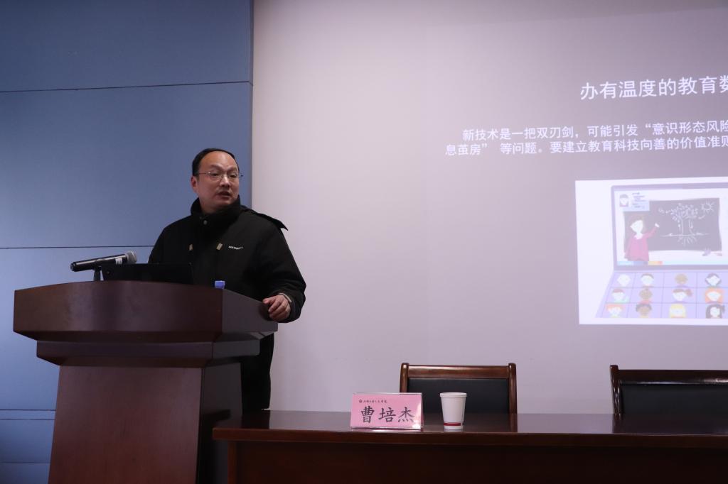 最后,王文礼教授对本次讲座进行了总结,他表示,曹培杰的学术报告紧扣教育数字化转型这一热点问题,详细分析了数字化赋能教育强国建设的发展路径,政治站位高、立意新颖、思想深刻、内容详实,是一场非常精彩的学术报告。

--

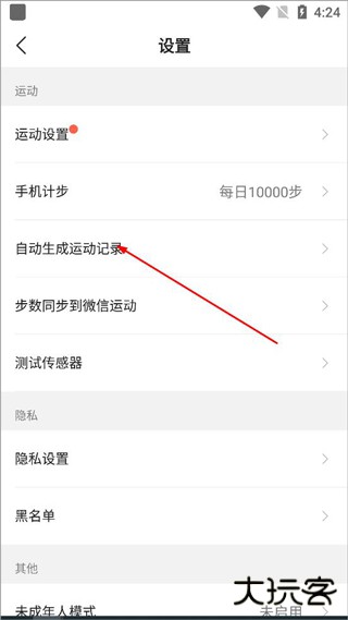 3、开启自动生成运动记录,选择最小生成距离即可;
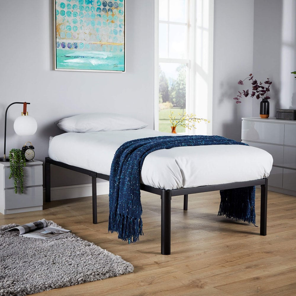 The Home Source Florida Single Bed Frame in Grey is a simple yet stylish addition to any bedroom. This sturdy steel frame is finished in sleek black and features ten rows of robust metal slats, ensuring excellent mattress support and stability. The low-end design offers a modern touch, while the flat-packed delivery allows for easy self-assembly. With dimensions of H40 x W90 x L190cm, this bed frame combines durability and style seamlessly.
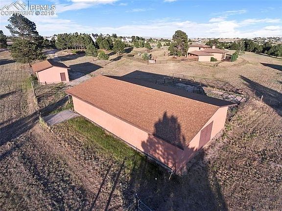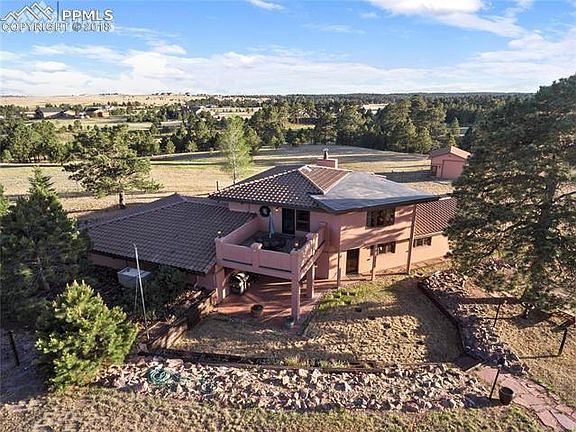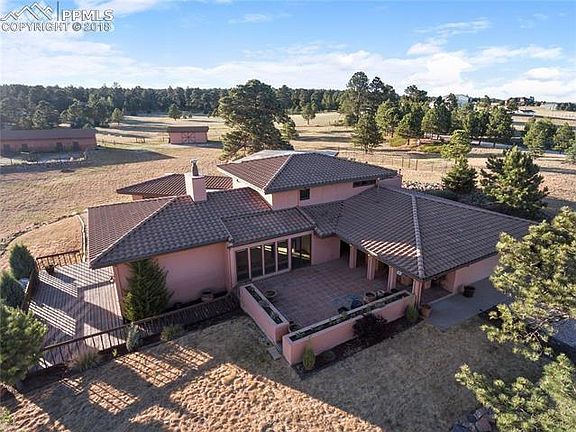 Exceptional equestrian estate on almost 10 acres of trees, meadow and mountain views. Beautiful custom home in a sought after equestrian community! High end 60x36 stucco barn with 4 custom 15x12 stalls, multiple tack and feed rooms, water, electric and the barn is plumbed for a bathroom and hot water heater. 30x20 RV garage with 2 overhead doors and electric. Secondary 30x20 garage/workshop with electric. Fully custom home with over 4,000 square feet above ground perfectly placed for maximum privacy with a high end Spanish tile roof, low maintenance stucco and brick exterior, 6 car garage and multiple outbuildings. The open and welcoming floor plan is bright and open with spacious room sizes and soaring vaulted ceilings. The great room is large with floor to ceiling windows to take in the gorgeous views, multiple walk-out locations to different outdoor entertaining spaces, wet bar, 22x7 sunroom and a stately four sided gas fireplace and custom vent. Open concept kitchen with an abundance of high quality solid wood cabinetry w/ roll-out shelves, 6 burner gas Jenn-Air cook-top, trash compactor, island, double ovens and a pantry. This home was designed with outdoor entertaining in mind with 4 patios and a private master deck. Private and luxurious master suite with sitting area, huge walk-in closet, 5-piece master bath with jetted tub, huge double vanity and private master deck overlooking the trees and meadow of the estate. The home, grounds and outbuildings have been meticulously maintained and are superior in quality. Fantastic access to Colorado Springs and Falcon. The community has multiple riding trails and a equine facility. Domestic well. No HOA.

---

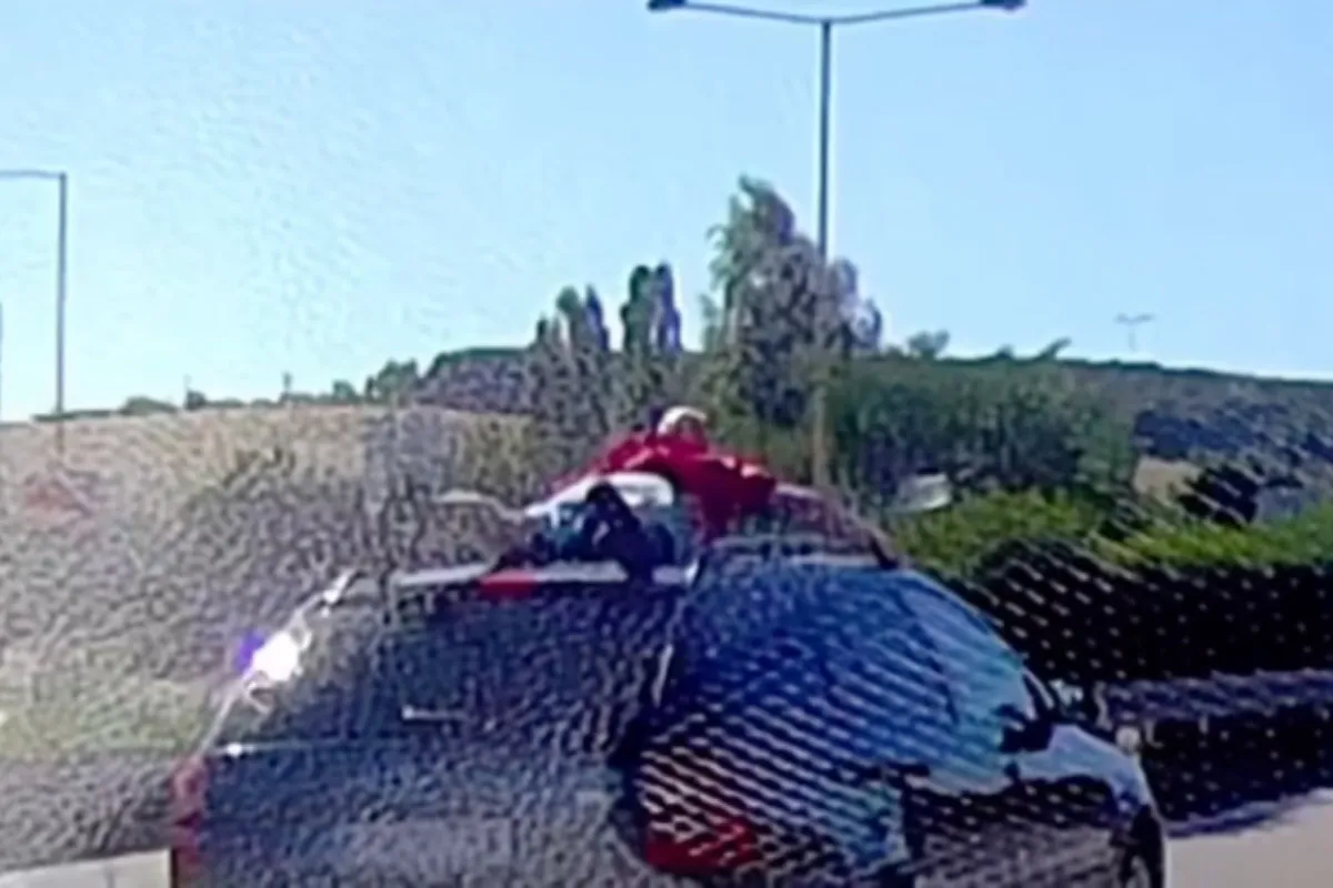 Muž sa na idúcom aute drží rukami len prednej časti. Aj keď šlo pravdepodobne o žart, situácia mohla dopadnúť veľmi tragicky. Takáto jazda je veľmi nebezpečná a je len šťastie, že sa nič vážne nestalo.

Required action:
Above are some records. Output exactly the lines from the one that contains "3、开启自动生成运动记录,选择最小生成距离即可;" to the one that contains "Exceptional equestrian estate", keeping both, and omit the pictures.

Completed task:
 3、开启自动生成运动记录,选择最小生成距离即可;
 The Home Source Florida Single Bed Frame in Grey is a simple yet stylish addition to any bedroom. This sturdy steel frame is finished in sleek black and features ten rows of robust metal slats, ensuring excellent mattress support and stability. The low-end design offers a modern touch, while the flat-packed delivery allows for easy self-assembly. With dimensions of H40 x W90 x L190cm, this bed frame combines durability and style seamlessly.
 Exceptional equestrian estate on almost 10 acres of trees, meadow and mountain views. Beautiful custom home in a sought after equestrian community! High end 60x36 stucco barn with 4 custom 15x12 stalls, multiple tack and feed rooms, water, electric and the barn is plumbed for a bathroom and hot water heater. 30x20 RV garage with 2 overhead doors and electric. Secondary 30x20 garage/workshop with electric. Fully custom home with over 4,000 square feet above ground perfectly placed for maximum privacy with a high end Spanish tile roof, low maintenance stucco and brick exterior, 6 car garage and multiple outbuildings. The open and welcoming floor plan is bright and open with spacious room sizes and soaring vaulted ceilings. The great room is large with floor to ceiling windows to take in the gorgeous views, multiple walk-out locations to different outdoor entertaining spaces, wet bar, 22x7 sunroom and a stately four sided gas fireplace and custom vent. Open concept kitchen with an abundance of high quality solid wood cabinetry w/ roll-out shelves, 6 burner gas Jenn-Air cook-top, trash compactor, island, double ovens and a pantry. This home was designed with outdoor entertaining in mind with 4 patios and a private master deck. Private and luxurious master suite with sitting area, huge walk-in closet, 5-piece master bath with jetted tub, huge double vanity and private master deck overlooking the trees and meadow of the estate. The home, grounds and outbuildings have been meticulously maintained and are superior in quality. Fantastic access to Colorado Springs and Falcon. The community has multiple riding trails and a equine facility. Domestic well. No HOA.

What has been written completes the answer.